Caesar responded by throwing Cato in jail. Common parliamentary practice dealt with the tactic by allowing a motion to “order the previous question”—in other words, to close debate and vote—often requiring a two-thirds vote. This super-majority threshold to close debate is rooted in the principle that a significant minority should be able to extend debate. After all, a minority exists to convince the majority to its way of thinking and often identifies flaws in a proposal that a majority doesn’t see in its rush to adopt. This is the fruit of deliberation and the essence of deliberative assemblies.
But this parliamentary principle assumes that there is an actual debate, that it is germane to the subject at hand, and that it is not conducted in a manifestly dilatory manner.
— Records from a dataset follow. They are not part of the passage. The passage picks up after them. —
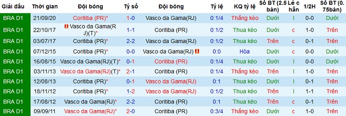 Tỷ lệ kèo Vasco da Gama vs Coritiba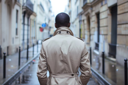 Stylish black male model wearing a beige trench coat on a gray background, showcasing confidence and modern fashion trends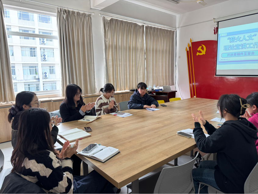 2025年12月5日,开放麦稿件互鉴会在13幢305室举行,本次活动由“思享家”辅导员工作室、“薪火人文”理论宣讲工作室主办,旨在打磨宣讲内容,为后续深入社区宣讲奠定扎实基础。人文学院党委副书记谭珊、辅导员吴安迪及多位优秀大学生宣讲员共同参与活动。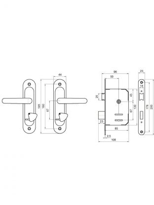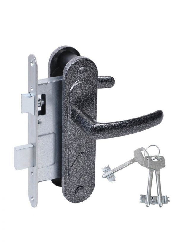 Замок врезной с ручками предназначен для установки в деревянные двери толщиной до 45 мм правого и левого открывания. Характеристики: Ригель прямоугольного сечения, вылет 22 мм. Универсальная защелка. Стальной корпус, покрыт гальваническим покрытием. Межосевое расстояние: 67 мм. Удаление ключевого отверстия: 55 мм. Материал ручек: алюминиевый сплав. Цвет: серебро-антик. Комплектация: замок, 3 ключа, ручки, ответная планка, винтовые стяжки.

Within a few decades of the American Founding, senators rediscovered Cato’s practice of killing a bill by killing time, and the Senate filibuster was born. Yet it was rarely used because of its natural limitations. A filibustering senator had to remain for the most part at his desk and on his feet. In 1908, for example, Robert La Follette of Wisconsin held the floor for 18 hours—speaking for long periods of time, and demanding dozens of quorum calls and roll-call votes—to stall a banking reform bill. The bill eventually passed, but not without significant consternation on both sides, due to the fact that until the filibustered matter was disposed of, the Senate could not move on to other business.
The filibuster is fundamentally different today because of two changes to Senate rules—changes that explain the body’s current inability to act. The first occurred in 1917 in response to a filibuster of something called the Armed Ship Bill. The Senate adopted a cloture rule setting the threshold for ending debate at two-thirds of those present and voting, later changed to three-fifths of the whole Senate. Even then, this change was in keeping with common parliamentary practice. And even after its passage, the filibuster’s physically demanding nature meant that it was seldom employed. There were only 58 filibusters in the next 52 years—barely one per year.
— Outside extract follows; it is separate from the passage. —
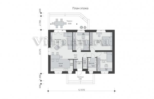 | Размеры дома: | 12.97м×11.27м |

But beginning in 1970, the number of filibusters exploded by a magnitude of 36-fold. There have been 1,700 in the 46 years since then. Why? Because in 1970, Senate Majority Leader Mike Mansfield instituted a “two-track” system that allowed the Senate, by unanimous consent or the approval of the minority leader, to bypass a filibustered bill and go on to another. This relieved a filibustering senator of the job of having to talk through the night and it relieved his colleagues of their frustration.
The filibuster thus entered the couch-potato world of virtual reality, where an actual speech is no longer required to block a vote. Today the mere threat of a filibuster suffices to kill a bill as the Senate shrugs and goes on to other business. The filibuster has been stripped of all the unpleasantness that discouraged its use and encouraged compromise and resolution.
Whereas the filibuster prior to 1970 was designed to ensure debate, after adoption of the two-track system it mutated into a procedure that prevents debate. As a result, the greatest deliberative body in the world now has difficulty deliberating on anything of importance.
During the last session of Congress, the House sent hundreds of bills to the Senate, including appropriations bills required to fund the government. Instead of amending those bills and sending them back to the House, the Senate seized up—not for lack of majority will, but because of minority recalcitrance and the post-1970 filibuster.